> [Problem details] All lines below between the line with "第二期主题为《会计的历史发展" and the line with "市直工委書記李濤在報告會上致", including both, must be copied exactly, and the pictures must be omitted.

> [Listed entries]
· · · ·

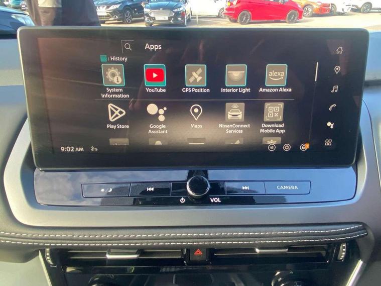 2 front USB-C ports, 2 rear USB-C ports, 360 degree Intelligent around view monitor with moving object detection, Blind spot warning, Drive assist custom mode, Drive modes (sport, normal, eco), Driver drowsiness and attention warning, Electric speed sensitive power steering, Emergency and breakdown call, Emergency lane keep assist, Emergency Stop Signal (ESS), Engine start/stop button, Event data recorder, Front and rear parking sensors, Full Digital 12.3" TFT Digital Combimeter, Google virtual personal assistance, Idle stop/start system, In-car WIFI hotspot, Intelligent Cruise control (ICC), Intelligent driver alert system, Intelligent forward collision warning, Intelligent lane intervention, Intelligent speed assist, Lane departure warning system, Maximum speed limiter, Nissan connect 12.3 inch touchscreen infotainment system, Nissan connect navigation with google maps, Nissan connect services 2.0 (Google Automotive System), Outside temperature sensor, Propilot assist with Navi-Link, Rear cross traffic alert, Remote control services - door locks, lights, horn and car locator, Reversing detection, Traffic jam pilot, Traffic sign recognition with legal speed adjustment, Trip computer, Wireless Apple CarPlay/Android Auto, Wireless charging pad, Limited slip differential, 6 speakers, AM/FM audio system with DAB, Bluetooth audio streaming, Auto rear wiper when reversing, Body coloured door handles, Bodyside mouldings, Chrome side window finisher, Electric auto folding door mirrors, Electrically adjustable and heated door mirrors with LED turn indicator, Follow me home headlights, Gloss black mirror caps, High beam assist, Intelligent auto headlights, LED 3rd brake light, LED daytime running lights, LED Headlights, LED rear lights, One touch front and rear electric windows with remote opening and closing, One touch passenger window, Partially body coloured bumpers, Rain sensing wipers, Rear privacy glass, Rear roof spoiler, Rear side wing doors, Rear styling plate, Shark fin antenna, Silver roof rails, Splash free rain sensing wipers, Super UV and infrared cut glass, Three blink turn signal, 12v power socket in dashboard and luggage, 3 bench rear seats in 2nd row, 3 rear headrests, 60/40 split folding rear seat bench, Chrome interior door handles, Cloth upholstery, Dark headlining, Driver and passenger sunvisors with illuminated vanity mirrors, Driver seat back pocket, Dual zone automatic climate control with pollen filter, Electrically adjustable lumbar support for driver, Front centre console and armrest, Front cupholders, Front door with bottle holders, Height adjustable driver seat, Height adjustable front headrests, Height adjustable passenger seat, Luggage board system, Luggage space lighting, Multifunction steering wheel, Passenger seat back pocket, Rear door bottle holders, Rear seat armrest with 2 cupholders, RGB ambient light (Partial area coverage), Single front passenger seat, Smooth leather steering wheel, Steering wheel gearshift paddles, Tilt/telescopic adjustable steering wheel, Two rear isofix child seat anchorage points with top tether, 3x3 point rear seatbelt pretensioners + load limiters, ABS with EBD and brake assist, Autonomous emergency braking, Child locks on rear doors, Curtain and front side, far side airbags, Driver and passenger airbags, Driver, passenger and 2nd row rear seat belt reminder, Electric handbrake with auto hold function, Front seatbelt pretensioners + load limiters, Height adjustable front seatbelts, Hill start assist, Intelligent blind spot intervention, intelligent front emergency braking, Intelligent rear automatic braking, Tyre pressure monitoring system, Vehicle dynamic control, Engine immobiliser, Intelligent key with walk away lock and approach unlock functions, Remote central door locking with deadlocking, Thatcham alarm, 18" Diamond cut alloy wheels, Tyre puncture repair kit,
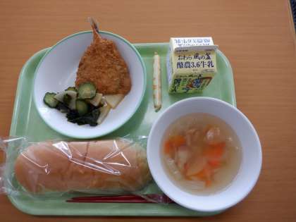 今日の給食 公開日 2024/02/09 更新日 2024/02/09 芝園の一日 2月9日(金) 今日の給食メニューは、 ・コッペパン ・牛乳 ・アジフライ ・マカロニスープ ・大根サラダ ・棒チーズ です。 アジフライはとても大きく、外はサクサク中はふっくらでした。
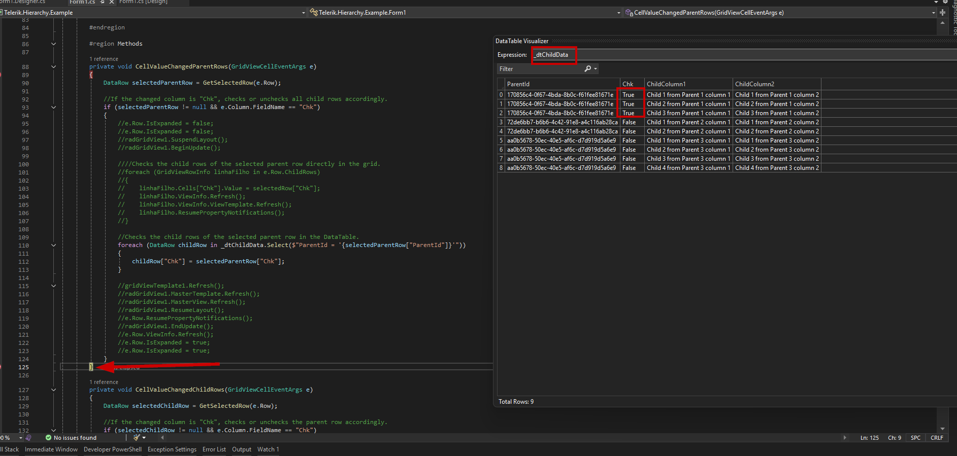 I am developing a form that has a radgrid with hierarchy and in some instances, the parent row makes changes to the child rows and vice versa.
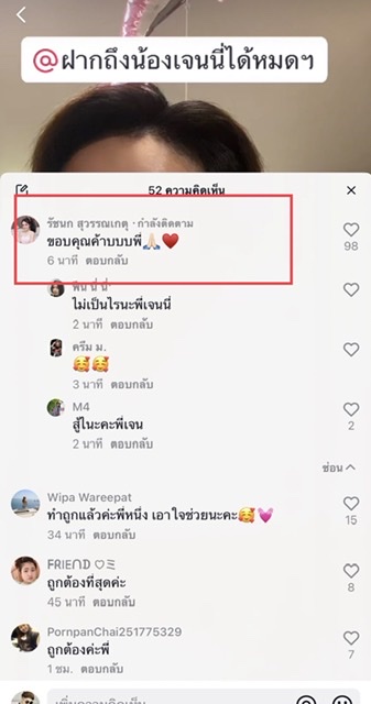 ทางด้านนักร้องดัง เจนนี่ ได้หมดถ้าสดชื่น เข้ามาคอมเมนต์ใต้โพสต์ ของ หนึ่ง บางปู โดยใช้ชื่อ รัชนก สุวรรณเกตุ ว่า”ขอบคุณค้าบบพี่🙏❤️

· · · ·

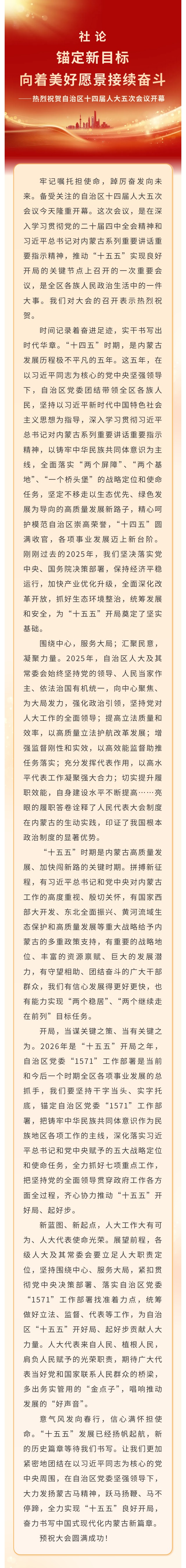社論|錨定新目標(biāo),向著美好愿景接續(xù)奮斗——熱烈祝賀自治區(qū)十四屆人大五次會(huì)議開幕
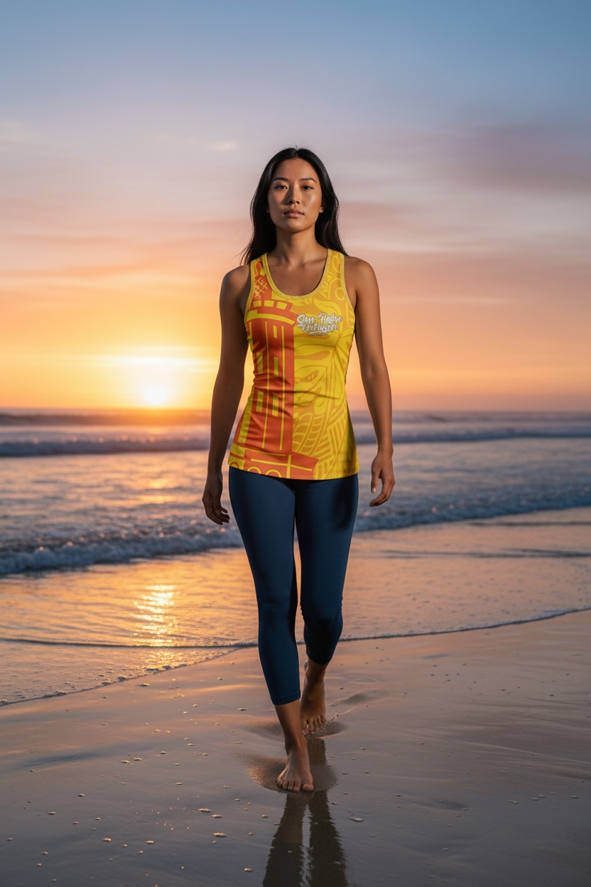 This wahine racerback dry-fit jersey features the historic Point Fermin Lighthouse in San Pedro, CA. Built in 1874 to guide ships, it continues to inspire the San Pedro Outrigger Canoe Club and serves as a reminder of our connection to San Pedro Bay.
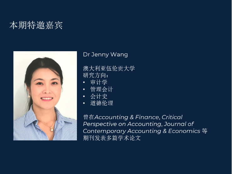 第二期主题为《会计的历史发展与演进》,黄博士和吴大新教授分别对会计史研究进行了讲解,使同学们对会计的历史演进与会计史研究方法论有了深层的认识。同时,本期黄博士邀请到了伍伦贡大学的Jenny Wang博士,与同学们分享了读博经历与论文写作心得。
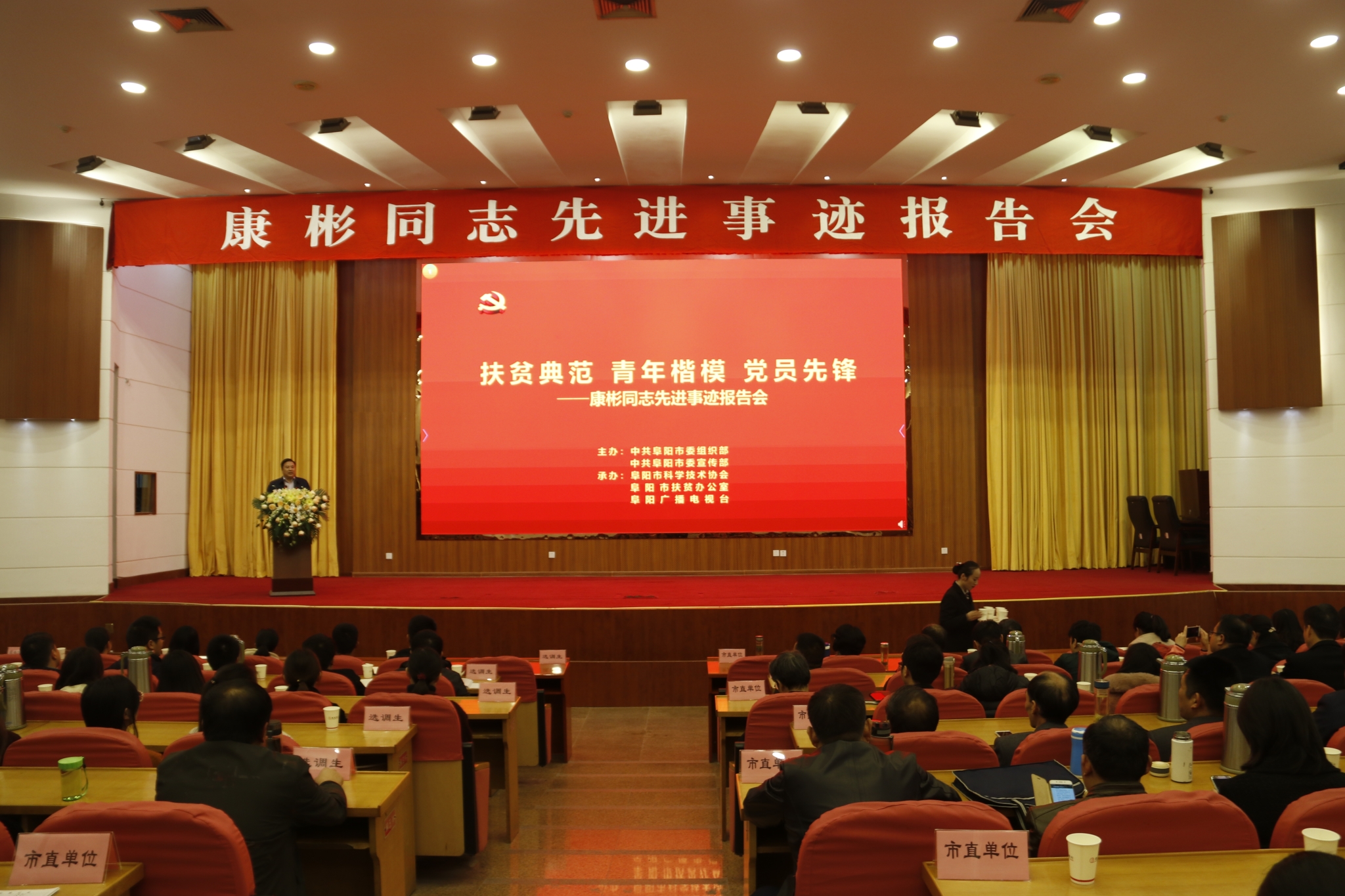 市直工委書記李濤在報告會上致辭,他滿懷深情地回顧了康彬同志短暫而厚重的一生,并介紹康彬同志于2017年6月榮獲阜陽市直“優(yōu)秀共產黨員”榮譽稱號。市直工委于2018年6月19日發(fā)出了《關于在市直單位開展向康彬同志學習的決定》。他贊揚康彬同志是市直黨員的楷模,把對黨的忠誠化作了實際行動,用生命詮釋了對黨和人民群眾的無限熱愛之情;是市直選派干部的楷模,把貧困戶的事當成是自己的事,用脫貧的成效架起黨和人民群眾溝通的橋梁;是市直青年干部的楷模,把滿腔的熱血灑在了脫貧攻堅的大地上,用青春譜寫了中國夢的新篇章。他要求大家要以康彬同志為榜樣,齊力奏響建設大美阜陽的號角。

· · · ·

> [Response to this task]
 第二期主题为《会计的历史发展与演进》,黄博士和吴大新教授分别对会计史研究进行了讲解,使同学们对会计的历史演进与会计史研究方法论有了深层的认识。同时,本期黄博士邀请到了伍伦贡大学的Jenny Wang博士,与同学们分享了读博经历与论文写作心得。
 市直工委書記李濤在報告會上致辭,他滿懷深情地回顧了康彬同志短暫而厚重的一生,并介紹康彬同志于2017年6月榮獲阜陽市直“優(yōu)秀共產黨員”榮譽稱號。市直工委于2018年6月19日發(fā)出了《關于在市直單位開展向康彬同志學習的決定》。他贊揚康彬同志是市直黨員的楷模,把對黨的忠誠化作了實際行動,用生命詮釋了對黨和人民群眾的無限熱愛之情;是市直選派干部的楷模,把貧困戶的事當成是自己的事,用脫貧的成效架起黨和人民群眾溝通的橋梁;是市直青年干部的楷模,把滿腔的熱血灑在了脫貧攻堅的大地上,用青春譜寫了中國夢的新篇章。他要求大家要以康彬同志為榜樣,齊力奏響建設大美阜陽的號角。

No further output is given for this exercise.